> [PROBLEM TO WORK ON]:
Going through the material below, output exactly the lines from the one containing "AK Prosit Neujahr, Schornsteinfeger" through the one containing "stehen zur Verfügung.", and no pictures.

> [PROVIDED ENTRIES]:
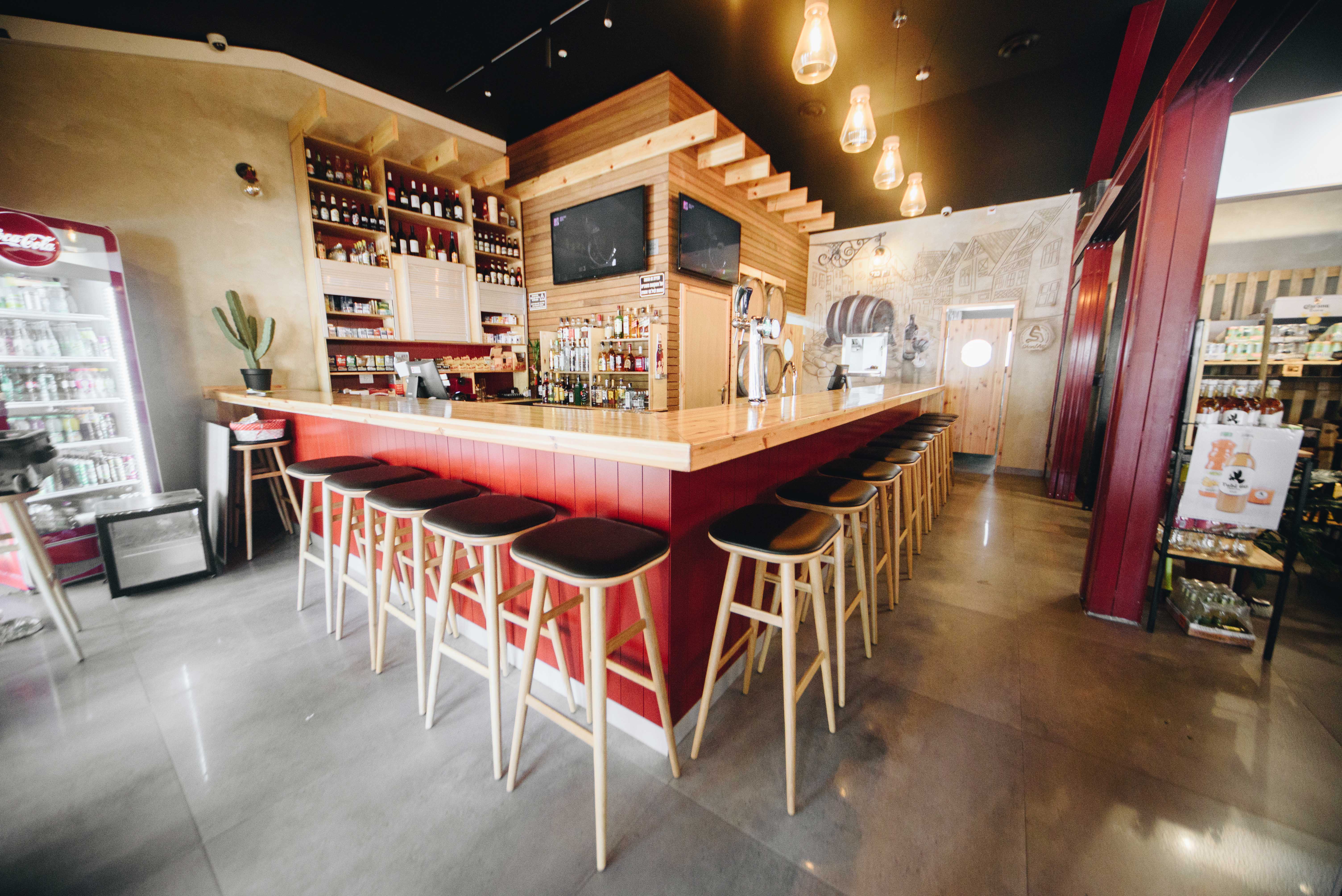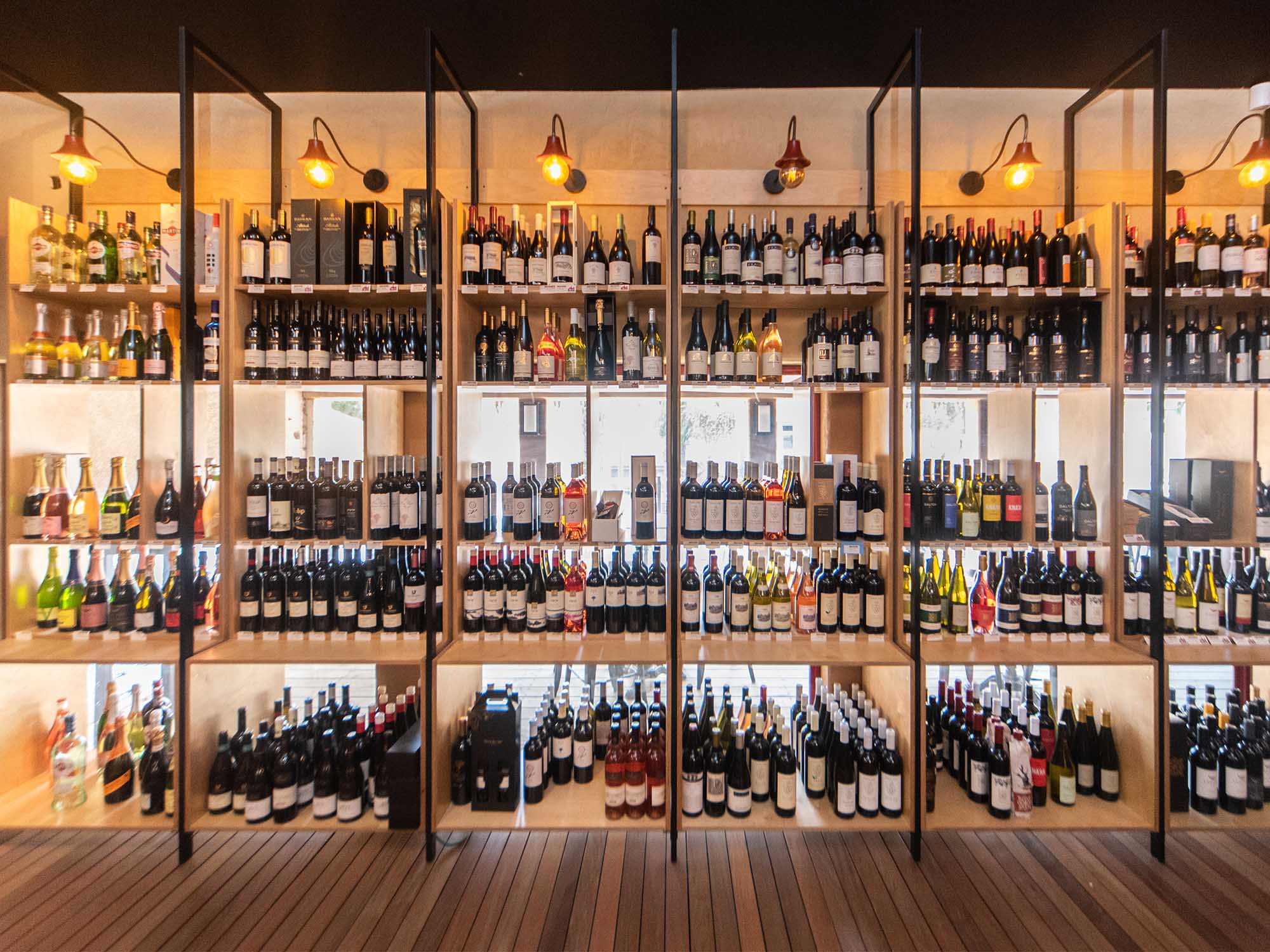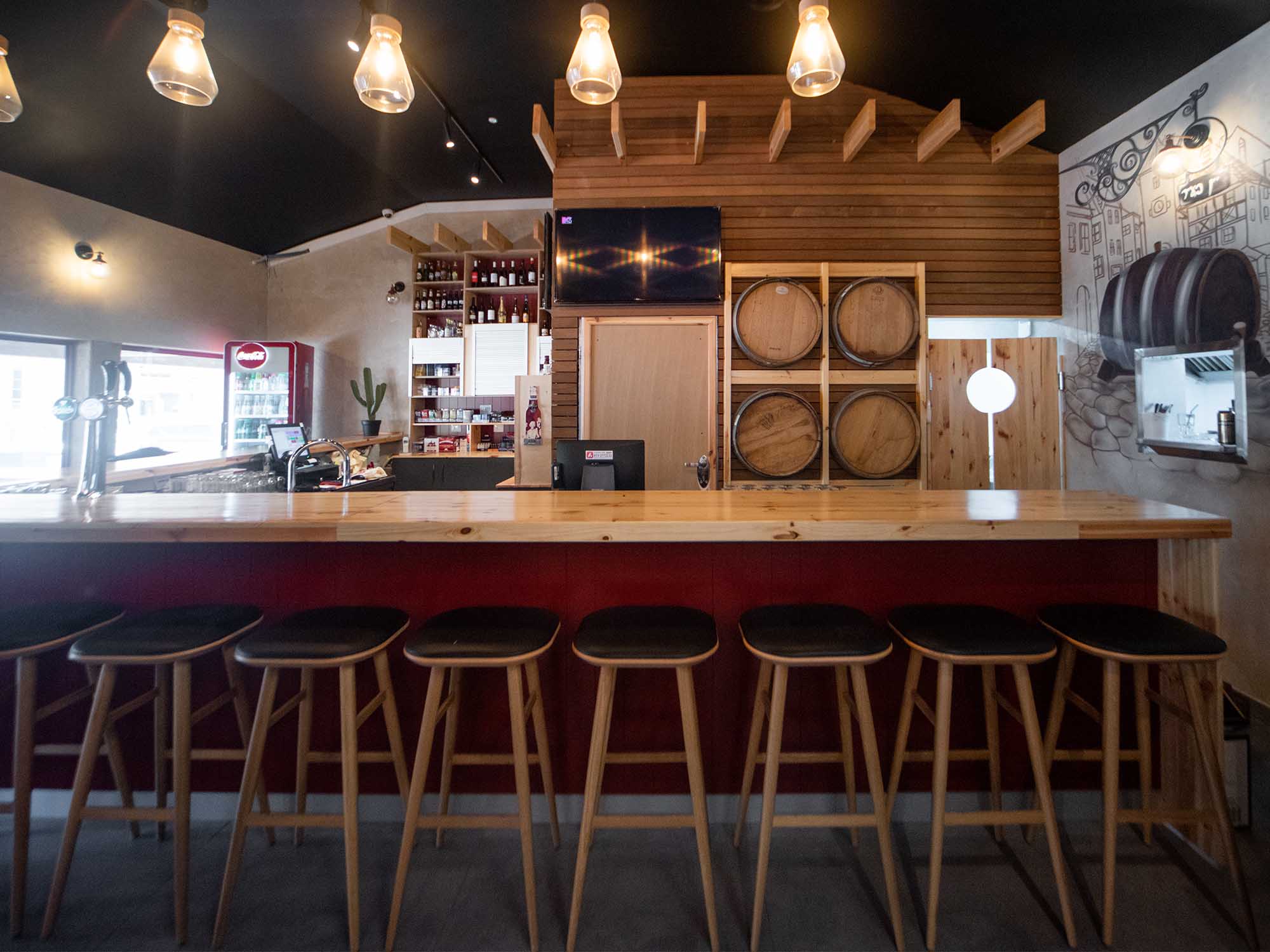 הסניף מחולק לשני חללים עיקריים – החנות המאפשרת הצגה נקייה וברורה של בקבוקי היין והאלכוהול, והבר המעניק חווית טעימה אישית ונעימה יותר.
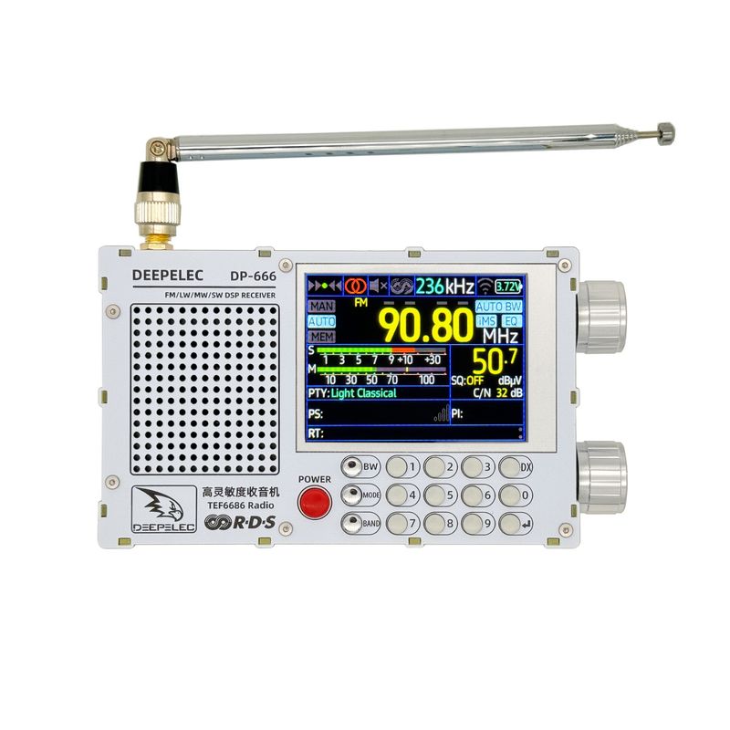 We redesigned the circuit board with reference to the mature TEF6686 front-end receiving circuit, and equipped the DP-666 with a 2.8-inch LCD color screen with resistive touch based on the open source project. While ensuring the portability of the machine, it can display rich RDS information (RDS information requires local radio support); a numeric keypad is added to facilitate users to quickly input frequencies; and a large-capacity 5000mAH battery supports longer standby time.
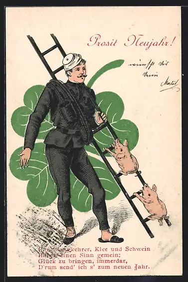 AK Prosit Neujahr, Schornsteinfeger mit Ferkeln und Klee
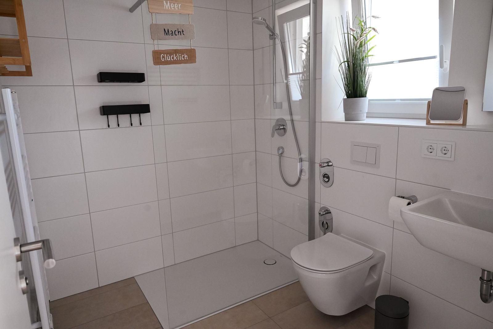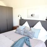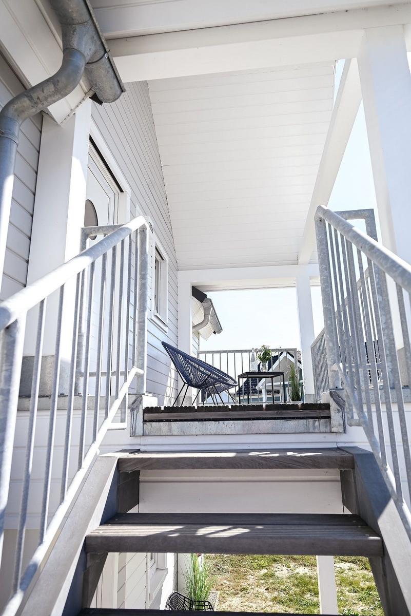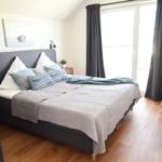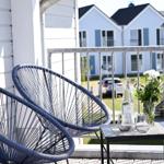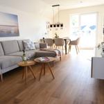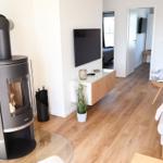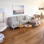 Die Ferienwohnung "Salt 'n' Sea" im Obergeschoss besticht durch helle, großzügige Räume und stilvolle Ausstattung. Die komplett eingerichtete Küche lädt zum gemeinsamen Kochen ein. Das einladende Wohn- und Esszimmer verfügt über ein komfortables Sofa, einen kuscheligen Sessel und einen Smart TV sowie einen Kamin, der in kälteren Monaten für besondere Gemütlichkeit sorgt. Zwei Balkone, jeweils mit stilvollen Outdoormöbeln, stehen zur Verfügung.
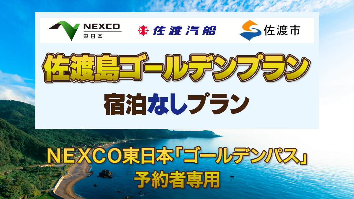 【高速道路×カーフェリー】NEXCO東日本×佐渡汽船のお得なセットプラン販売開始 2025/03/25 ニュースリリース 旅行 お得 NEXCO東日本×佐渡汽船のお得なセットプラン 「佐渡島ゴールデンパス」「佐渡島ゴールデンプラン」をリニューアル 首都圏から高速道路を利用して新潟へ行き、そのまま車を船に乗せて佐渡へ…本プランは、普通車及び軽自動車等のETC車を対象に、首都圏から新潟港・直江津港までの高速道路が最大4日間、定額で乗り降り自由でご利用いただけるNEXCO東日本のドラ割「佐渡島ゴールデンパス」と、佐渡汽船のカーフェリー往復をベースにした「佐渡島ゴールデンプラン」(宿泊ありプラン/宿泊なしプラン)がセットになったプランです。 この度、以下の3点をリニューアルし、よりご利用しやすくなりました。 従来これから①島内の指定された宿泊施設の利用が必要「佐渡島ゴールデンプラン」に宿泊なしプランを新設!②4月~11月まで利用可能通年販売(「佐渡島ゴールデンプラン」宿泊なしプランのみ)③ドラ割アンケートでの平日特典なし平日のみの利用期間ご利用で「佐渡島ゴールデンパス」アンケートプレゼント当選確率2倍! ご利用にあたっては、ドラ割「佐渡島ゴールデンパス」と佐渡汽船「佐渡島ゴールデンプラン」両方にお申し込みいただく必要があります。(片方のみでのご利用できません。) ドラ割「佐渡島ゴールデンパス」 普通車及び軽自動車等のETC車を対象に、首都圏から新潟港・直江津港までの高速道路が最大4日間、定額で乗り降り自由でご利用いただけます。 ご利用期間令和7年4月1日(火)から通年販売 連続する最大4日間 ゴールデンウィーク・お盆・シルバーウィーク・年末年始・3連休等の交通混雑期は対象外。 対象車種ETCでご利用の普通車・軽自動車等(二輪車含む)ETCコーポレートカードはご利用できません。 販売価格普通車10,000円、軽自動車等8,000円 ご利用区間周遊エリア内(下図のとおり) 「佐渡島ゴールデンパス」の詳細については、NEXCO東日本のドラ割の特設HPをご確認ください。URL:https://www.driveplaza.com/ETC/drawari/sado/ 佐渡汽船「佐渡島ゴールデンプラン」(宿泊ありプラン・宿泊なしプラン)」 佐渡島ゴールデンプラン(宿泊ありプラン) プラン内容「往復の乗船代(カーフェリー2等往復)」+「宿泊」をベースに、オプションで車両航送などを追加して組み立てる個人向けの旅行プランです。※佐渡島ゴールデンプラン(宿泊ありプラン)は、弊社の宿泊型旅行プラン「佐渡時間」がベースとなっています。 利用期間令和7年4月1日(火)から令和7年11月22日(土)まで※一旦、令和7年9月1日(月)帰着分までの販売となります。9月1日(火)出発分以降は、後日旅行紹介ページにてお知らせします。 佐渡島ゴールデンプラン(宿泊なしプラン) プラン内容佐渡島までのカーフェリー車両航送往復プランです。通常のカーフェリー航送運賃から5%お得になります。 利用期間令和7年4月1日(火)から通年販売※乗船日の2ヶ月前から予約可能 詳細は、下記案内ページにてご確認ください。 佐渡島ゴールデンプラン【宿泊あり】予約ページ 佐渡島ゴールデンプラン【宿泊なし】予約ページ ご利用特典 優待特典佐渡島内の観光施設における割引など、様々な特典をご用意しております。 アンケートプレゼントご利用後アンケートに回答いただいたお客さまの中から抽選で佐渡島の地元特産品等が当たります。また、ドラ割「佐渡島ゴールデンパス」を平日のみの利用期間でお申込みのうえご利用いただいたお客さまを対象に、プレゼントの当選確率を2倍とするキャンペーンも実施いたします。 E-NEXCOポイントプレゼントE-NEXCOpassでご利用いただいたお客さまに、通常のポイントに加えてE-NEXCOポイントを50Pプレゼント。優待特典の詳細は「ドラ割」特設ページでご確認下さい。URL:https://www.driveplaza.com/etc/drawari/ ETCマイレージサービスのポイントプラスキャンペーン当社が販売するドラ割を平日のみの利用期間でお申込みのうえご利用いただいた場合、ETCマイレージポイントを15%追加付与するキャンペーンを実施中です。詳細はドラ割HPをご覧ください。 【ニュースリリースのお問合せ】佐渡汽船株式会社 グループ企画業務部 第1課TEL:025-245-2281 (平日8:30~17:00) ニュースリリースはこちら(PDF) ニュース一覧

> [WRITTEN ANSWER]:
 AK Prosit Neujahr, Schornsteinfeger mit Ferkeln und Klee
 Die Ferienwohnung "Salt 'n' Sea" im Obergeschoss besticht durch helle, großzügige Räume und stilvolle Ausstattung. Die komplett eingerichtete Küche lädt zum gemeinsamen Kochen ein. Das einladende Wohn- und Esszimmer verfügt über ein komfortables Sofa, einen kuscheligen Sessel und einen Smart TV sowie einen Kamin, der in kälteren Monaten für besondere Gemütlichkeit sorgt. Zwei Balkone, jeweils mit stilvollen Outdoormöbeln, stehen zur Verfügung.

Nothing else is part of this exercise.